"Yakıştıramamak" kelimesinin İngilizce karşılığı nedir?

Gingka Hagane

Hectopat
Katılım
19 Ocak 2021
Mesajlar
753
Çözümler
1
Daha fazla  
Cinsiyet
Erkek
Örnek vermek gerekirse;
"Bu yaptığın işi sana yakıştıramadım."
"Bu durumu kendime hiç yakıştıramıyorum.''
 
Son düzenleyen: Moderatör:
Cumlenin contextine gore degisir. Ornek olarak mesela bir kiyafetin veya bir davranisin birine yakismadigini soylemek icin 'suit' kullanilabilir.
Or: I don't think that kinda behavior suits you.
 
"Reproach"
"Why are you reproaching me for being so serious?" (Cümleden emin değilim.)
Reproach kelimesinin istediğim kelimenin karşılığı olduğunu düşünmüyorum, ancak aynı amaç ve fikir için alternatif olarak kullanılabilir gibi.
Cumlenin contextine gore degisir. Ornek olarak mesela bir kiyafetin veya bir davranisin birine yakismadigini soylemek icin 'suit' kullanilabilir.
Or: I don't think that kinda behavior suits you.
Galiba "yakışmamak"ın tam İngilizce karşılığı yok. Ama sizin dediğiniz gibi aynı fikirle kullanılabilir. Düşününce "suit" yerine "fit" de daha uygun gibi görünüyor, o anlamda.
 
Reproach kelimesinin istediğim kelimenin karşılığı olduğunu düşünmüyorum, ancak aynı amaç ve fikir için alternatif olarak kullanılabilir gibi.

Galiba "yakışmamak"ın tam İngilizce karşılığı yok. Ama sizin dediğiniz gibi aynı fikirle kullanılabilir. Düşününce "suit" yerine "fit" de daha uygun gibi görünüyor, o anlamda.
Fit yakismak anlaminda kullanilmaz Ingilizce'de.
 
Fit yakismak anlaminda kullanilmaz Ingilizce'de.
Fit kelimesinin "sığmak" anlamı dışında, "uygun gelme" gibi olan anlamı aynı anda bu fikir için de kullanılabiliyor (be suitable).

suitable for a particular purpose or activity:
She's not fit for the level of responsibility she's been given.

to be suitable for something:
With her qualifications, she should fit the job perfectly.
Let the punishment fit the crime.
I'm sure we'll have something to fit your requirements.

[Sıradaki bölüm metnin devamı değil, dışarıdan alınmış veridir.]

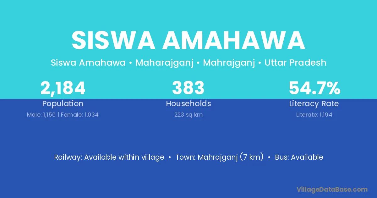 Mahrajganj (7 km) is the nearest town to Siswa Amahawa village for major economic activities and is located approximately 7 km away.
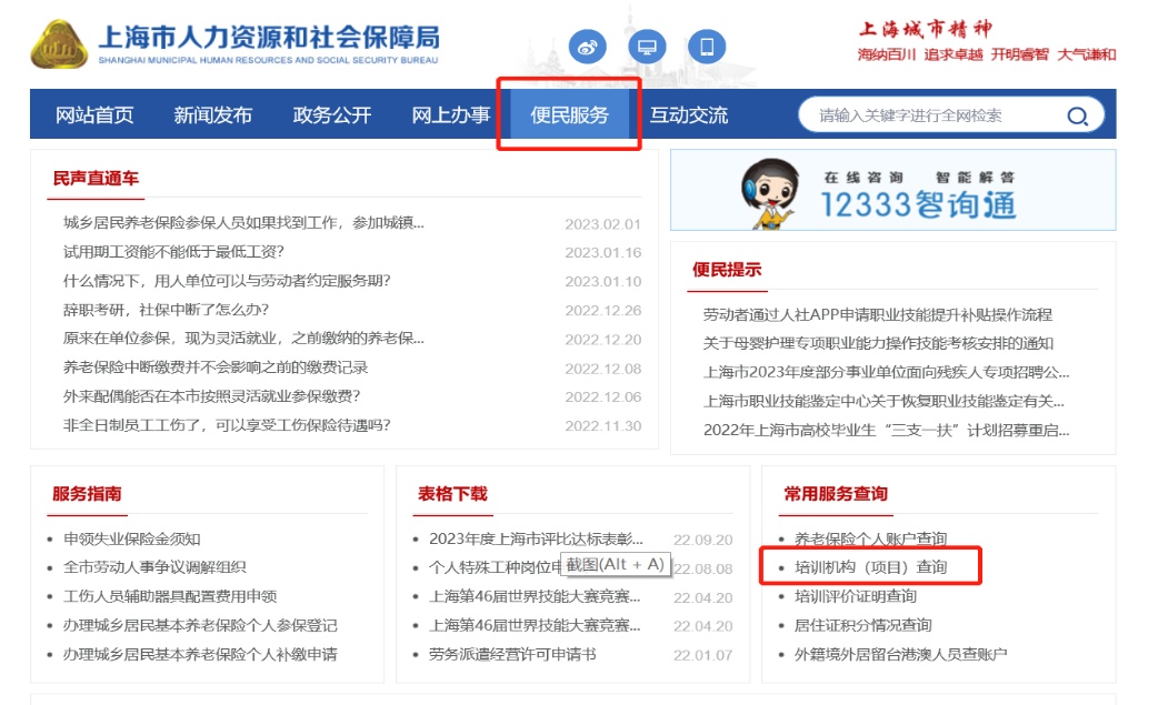 通过上海市人力资源和社会保障局官网(http://rsj.sh.gov.cn)中“便民服务”—“常用服务查询”—“培训机构(项目)查询”。
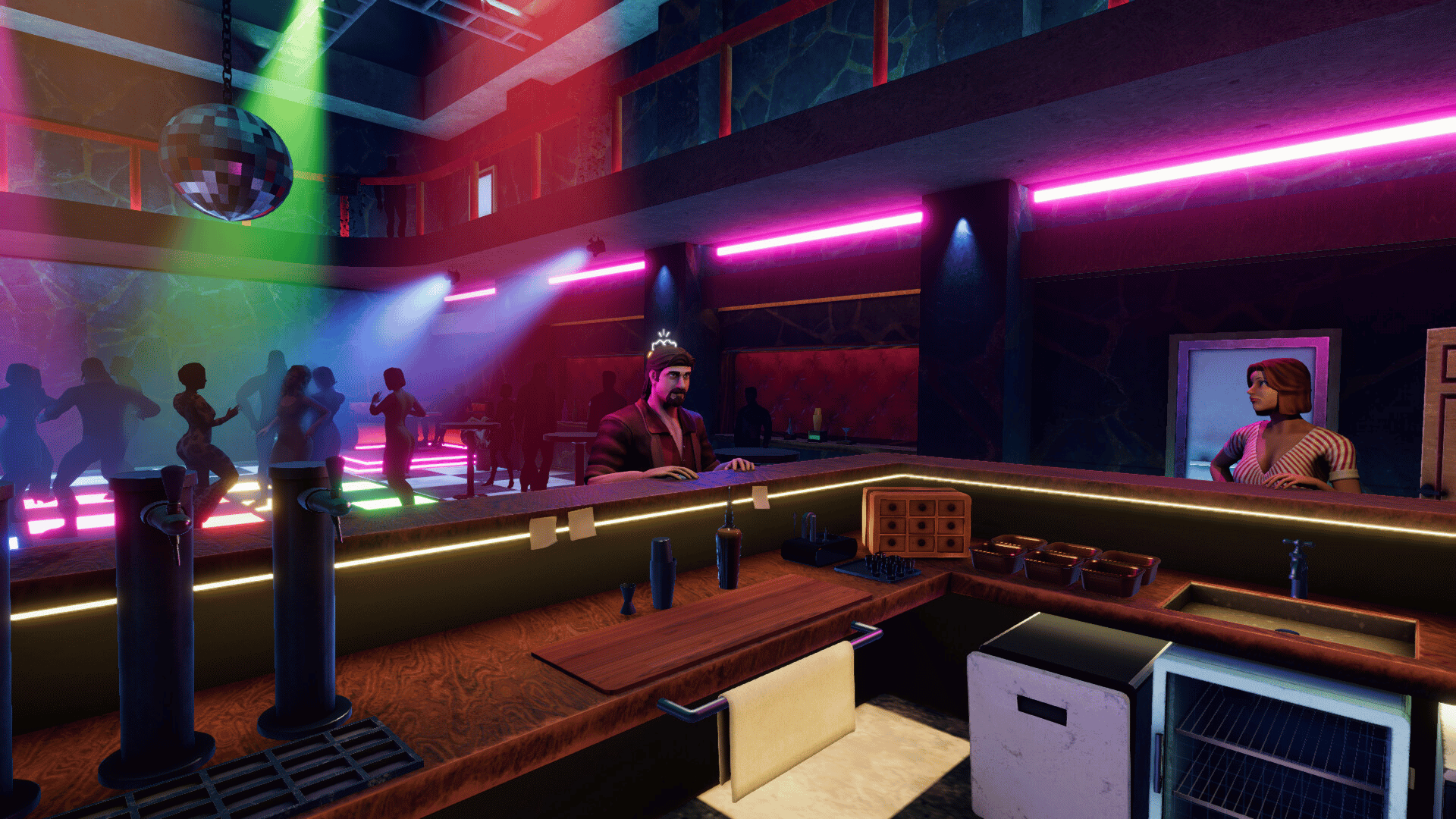 A story-driven management sim set in a 1980s disco bar. Mix drinks, handle guests, and uncover secrets behind the neon lights.

Benim verdiğim örnek için ise;
Falling in love with a married woman doesn't fit you.
 
Aslında Türkçe'de olduğu gibi düşünmemek lazım. İki örnekle açıklayacağım, yeterli olacağını düşünüyorum. Öncelikle örnek 1'den başlayalım:
  • Bu kıyafet bana yakışmıyor demek için suit kullanılıyor. This outfit doesn't suit me. Bu kıyafet bana yakışmıyor gibi.
  • Onun dışında davranışa yakıştırmak kelimesi kullanılmıyor. Ondan ziyade bu davranışın doğru olduğunu düşünmüyorum, bana uygun değil vs. tarzı söylem kullanılıyor. I don't think that's behavior true. It's not appropriate for me. Bu davranışın doğru olduğunu düşünmüyorum, benim için uygun değil.
Kısacası context olayına bakıyor ama Türkçe'de olduğu gibi düşünmemek gerek.